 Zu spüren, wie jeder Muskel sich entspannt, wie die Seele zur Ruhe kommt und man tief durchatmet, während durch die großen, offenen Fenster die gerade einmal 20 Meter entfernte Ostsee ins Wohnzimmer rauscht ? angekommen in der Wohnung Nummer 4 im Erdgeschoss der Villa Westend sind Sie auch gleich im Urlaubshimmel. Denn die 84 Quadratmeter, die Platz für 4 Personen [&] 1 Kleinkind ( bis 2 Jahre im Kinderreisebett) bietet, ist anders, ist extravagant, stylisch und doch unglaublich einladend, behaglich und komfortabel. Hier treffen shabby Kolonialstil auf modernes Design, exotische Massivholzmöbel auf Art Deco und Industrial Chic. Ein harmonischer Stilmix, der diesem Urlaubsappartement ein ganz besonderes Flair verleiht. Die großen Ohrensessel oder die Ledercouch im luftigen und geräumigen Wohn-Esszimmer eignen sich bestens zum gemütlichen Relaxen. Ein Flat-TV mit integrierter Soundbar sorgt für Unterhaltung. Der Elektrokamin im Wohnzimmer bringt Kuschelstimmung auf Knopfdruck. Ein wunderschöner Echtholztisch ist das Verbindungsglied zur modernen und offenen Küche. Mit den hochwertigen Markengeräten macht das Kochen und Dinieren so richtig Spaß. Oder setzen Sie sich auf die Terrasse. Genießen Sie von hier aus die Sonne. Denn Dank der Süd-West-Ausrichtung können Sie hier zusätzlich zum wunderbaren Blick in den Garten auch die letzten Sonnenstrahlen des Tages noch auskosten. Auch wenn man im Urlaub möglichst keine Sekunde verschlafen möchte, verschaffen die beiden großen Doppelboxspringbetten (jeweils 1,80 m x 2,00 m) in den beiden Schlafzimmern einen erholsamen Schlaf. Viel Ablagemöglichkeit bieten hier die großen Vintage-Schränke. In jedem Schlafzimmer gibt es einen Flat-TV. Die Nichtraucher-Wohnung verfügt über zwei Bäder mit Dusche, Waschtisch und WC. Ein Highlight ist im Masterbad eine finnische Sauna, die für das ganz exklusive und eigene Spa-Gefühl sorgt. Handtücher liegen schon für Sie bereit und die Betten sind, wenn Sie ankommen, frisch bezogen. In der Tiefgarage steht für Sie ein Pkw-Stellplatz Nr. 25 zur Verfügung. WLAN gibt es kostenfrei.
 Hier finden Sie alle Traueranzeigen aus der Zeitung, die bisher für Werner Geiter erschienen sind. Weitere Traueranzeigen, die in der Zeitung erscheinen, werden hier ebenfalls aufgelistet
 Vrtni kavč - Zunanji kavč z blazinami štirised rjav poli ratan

_TASK PROMPT_
Everything from the line containing "Hier finden Sie" to the last line of the data above must be set down exactly, both ends included, with no other lines.

_TASK RESPONSE_
 Hier finden Sie alle Traueranzeigen aus der Zeitung, die bisher für Werner Geiter erschienen sind. Weitere Traueranzeigen, die in der Zeitung erscheinen, werden hier ebenfalls aufgelistet
 Vrtni kavč - Zunanji kavč z blazinami štirised rjav poli ratan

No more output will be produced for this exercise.